[Problem statement]: All lines in the data that hold the word "secara" need copying.

[Input data]:

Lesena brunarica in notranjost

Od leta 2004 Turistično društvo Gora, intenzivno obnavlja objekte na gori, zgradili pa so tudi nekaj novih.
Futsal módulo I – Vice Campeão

--

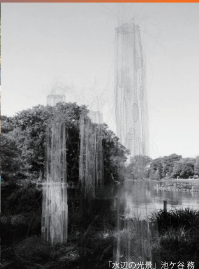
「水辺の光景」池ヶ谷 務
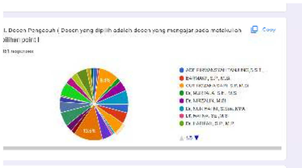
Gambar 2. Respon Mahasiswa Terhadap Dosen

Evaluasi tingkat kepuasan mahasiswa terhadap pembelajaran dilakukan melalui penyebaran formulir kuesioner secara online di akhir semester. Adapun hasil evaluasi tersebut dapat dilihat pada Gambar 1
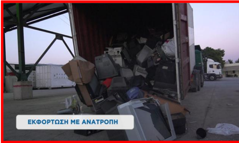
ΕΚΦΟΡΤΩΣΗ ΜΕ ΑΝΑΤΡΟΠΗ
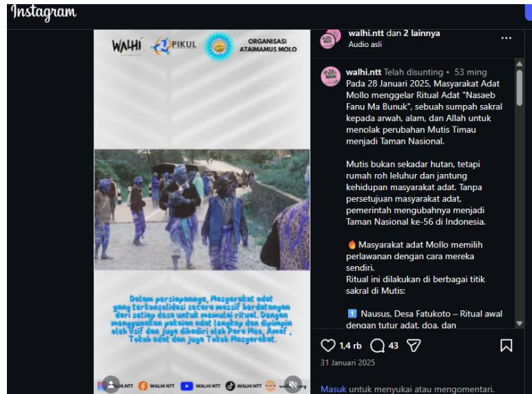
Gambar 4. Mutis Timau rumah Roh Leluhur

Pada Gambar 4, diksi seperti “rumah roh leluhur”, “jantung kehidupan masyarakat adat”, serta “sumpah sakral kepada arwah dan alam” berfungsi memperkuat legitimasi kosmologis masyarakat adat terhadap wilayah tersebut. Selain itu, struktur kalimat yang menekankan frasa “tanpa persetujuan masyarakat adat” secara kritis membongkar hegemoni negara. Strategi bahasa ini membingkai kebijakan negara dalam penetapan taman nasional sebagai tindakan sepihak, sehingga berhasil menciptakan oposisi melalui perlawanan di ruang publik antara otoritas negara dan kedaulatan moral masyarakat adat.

[Result below]:
Evaluasi tingkat kepuasan mahasiswa terhadap pembelajaran dilakukan melalui penyebaran formulir kuesioner secara online di akhir semester. Adapun hasil evaluasi tersebut dapat dilihat pada Gambar 1
Pada Gambar 4, diksi seperti “rumah roh leluhur”, “jantung kehidupan masyarakat adat”, serta “sumpah sakral kepada arwah dan alam” berfungsi memperkuat legitimasi kosmologis masyarakat adat terhadap wilayah tersebut. Selain itu, struktur kalimat yang menekankan frasa “tanpa persetujuan masyarakat adat” secara kritis membongkar hegemoni negara. Strategi bahasa ini membingkai kebijakan negara dalam penetapan taman nasional sebagai tindakan sepihak, sehingga berhasil menciptakan oposisi melalui perlawanan di ruang publik antara otoritas negara dan kedaulatan moral masyarakat adat.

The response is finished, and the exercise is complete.